The following proposal and supporting statement were submitted by a stockholder, the name and stockholdings of which will be furnished promptly to any stockholder upon written or oral request to the Company’s Secretary at the Company’s executive offices, with the intention of presenting it for vote at the Annual Meeting:

STOCKHOLDER PROPOSAL

RESOLVED: Shareholders request that our Board take steps to adopt a plan for all of our company’s outstanding stock to have one-vote per share. This would include all practicable steps including encouragement and negotiation with family shareholders to request that they relinquish, for the common good of all shareholders, any preexisting rights, if necessary.
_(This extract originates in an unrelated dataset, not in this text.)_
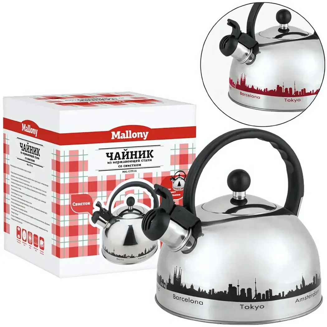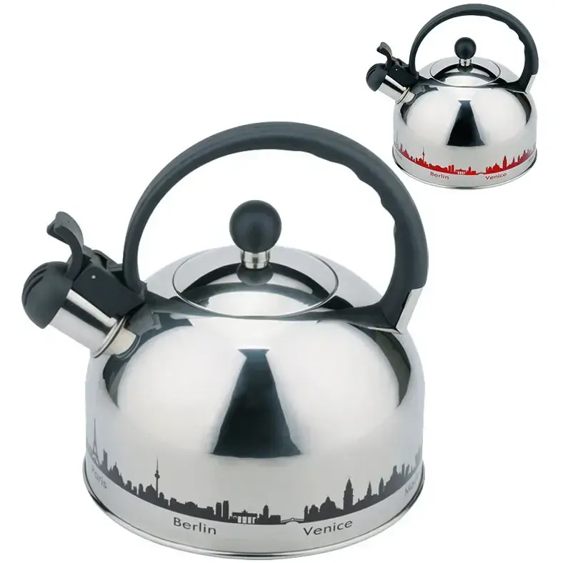 Чайник из нержавеющей стали 2,8 л со свистком, термостойкая ручка, дизайн «MAL-CITY-01»

This proposal is not intended to unnecessarily limit our Board’s judgment in crafting the requested change in accordance with applicable laws and existing contracts. This proposal is important because each share of Class B stock has 10-times the voting power as Class A stock.
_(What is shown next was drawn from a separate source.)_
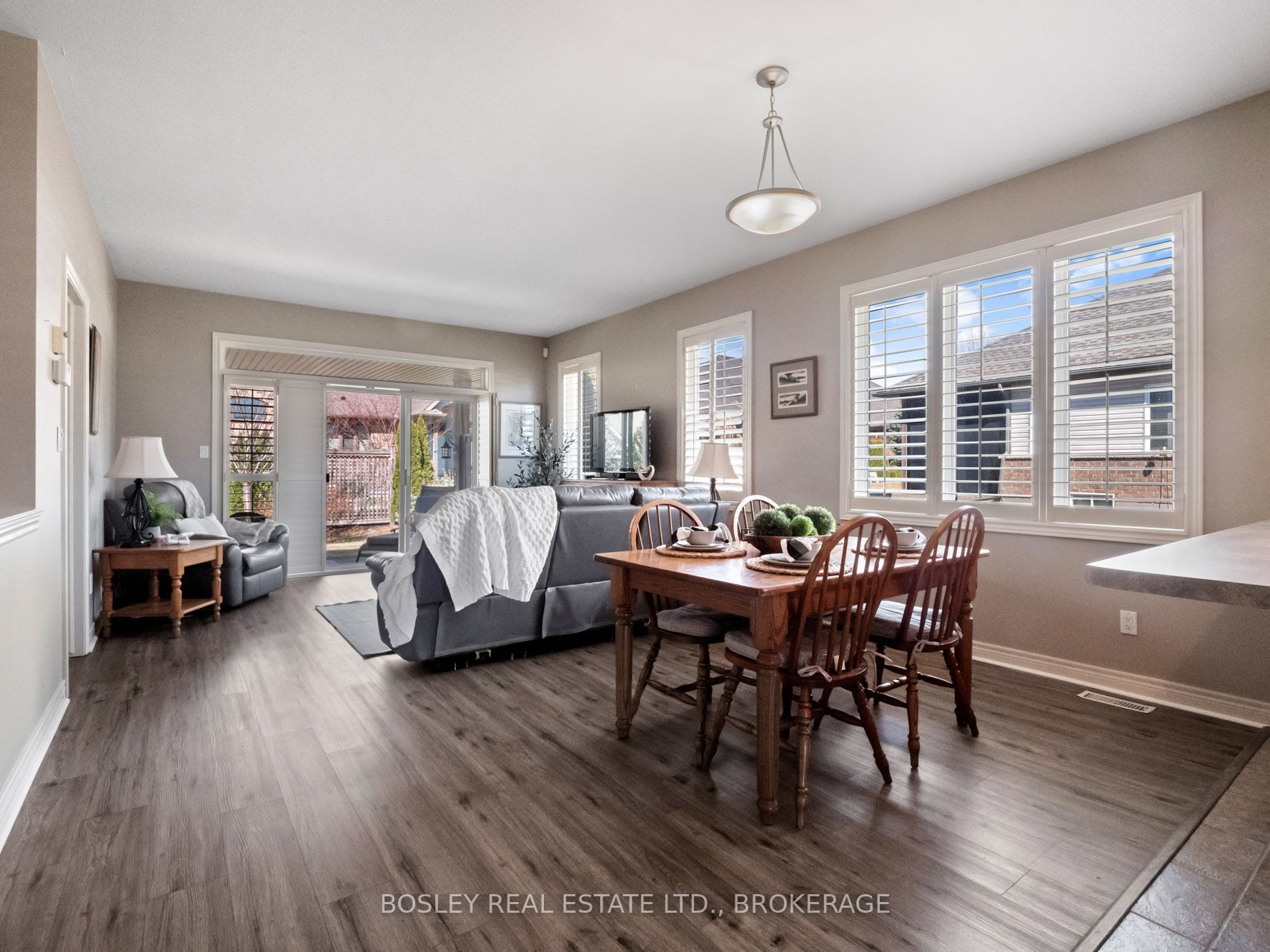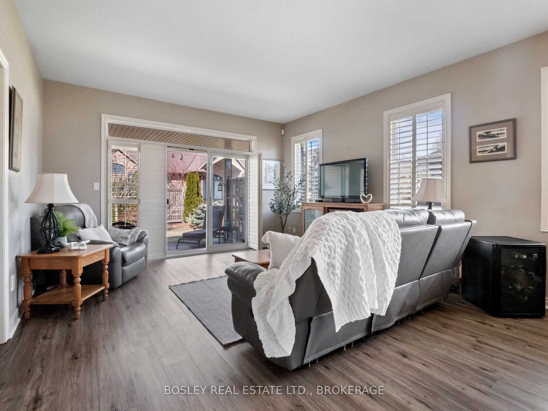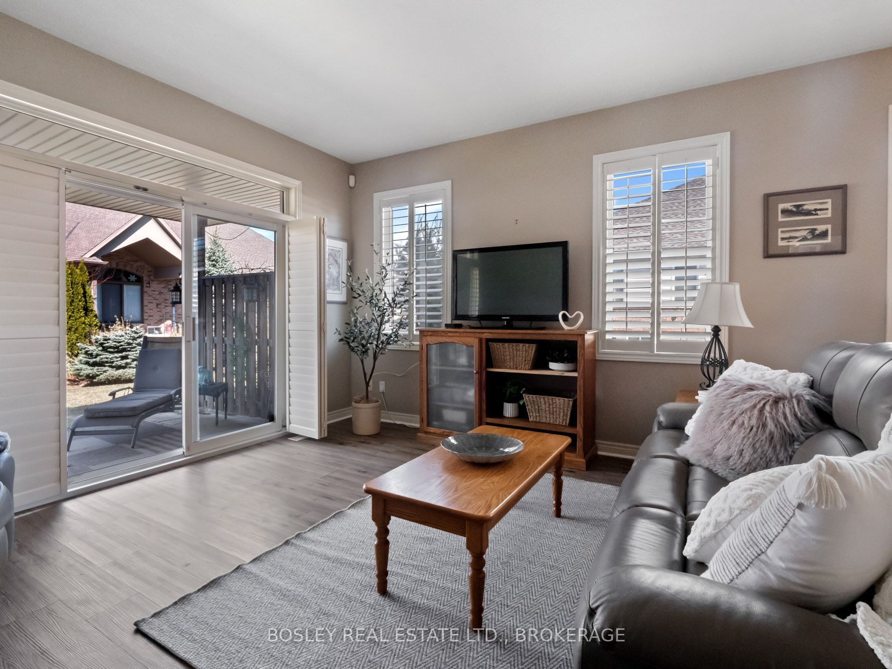 • Bright living space featuring California shutters and easy patio access.

The danger of giving disproportionate power to insiders is illustrated by Adelphia Communications. Adelphia’s dual-class voting stock gave the Rigas family control and contributed to Adelphia’s participation in “one of the most extensive financial frauds ever to take place at a public company.” See Securities and Exchange Commission Litigation Release No.17627 (July 24, 2002).

The SEC alleged that Adelphia fraudulently excluded more than $2 billion in bank debt from its financial statements and concealed “rampant self-dealing by the Rigas Family.” Meanwhile, the price of Aldephia stock collapsed from $20 to 79¢ in two-years.

With Class B stock having 10-times more voting power our company takes our public shareholder money but does not let us have an equal voice in our company’s management. Without a voice, shareholders cannot hold management accountable.

For 2009 our company unilaterally rewrote Kenneth Steiner’s shareholder proposal by removing detailed information and by reducing the number of words by 40%.

The merit of this Equal Shareholder Voting proposal should also be considered in the context of the need for improvement in our company’s 2010 reported corporate governance status:

The Corporate Library http://www.thecorporatelibrary.com, an independent investment research firm, rated our company “Very High Concern” in takeover defenses.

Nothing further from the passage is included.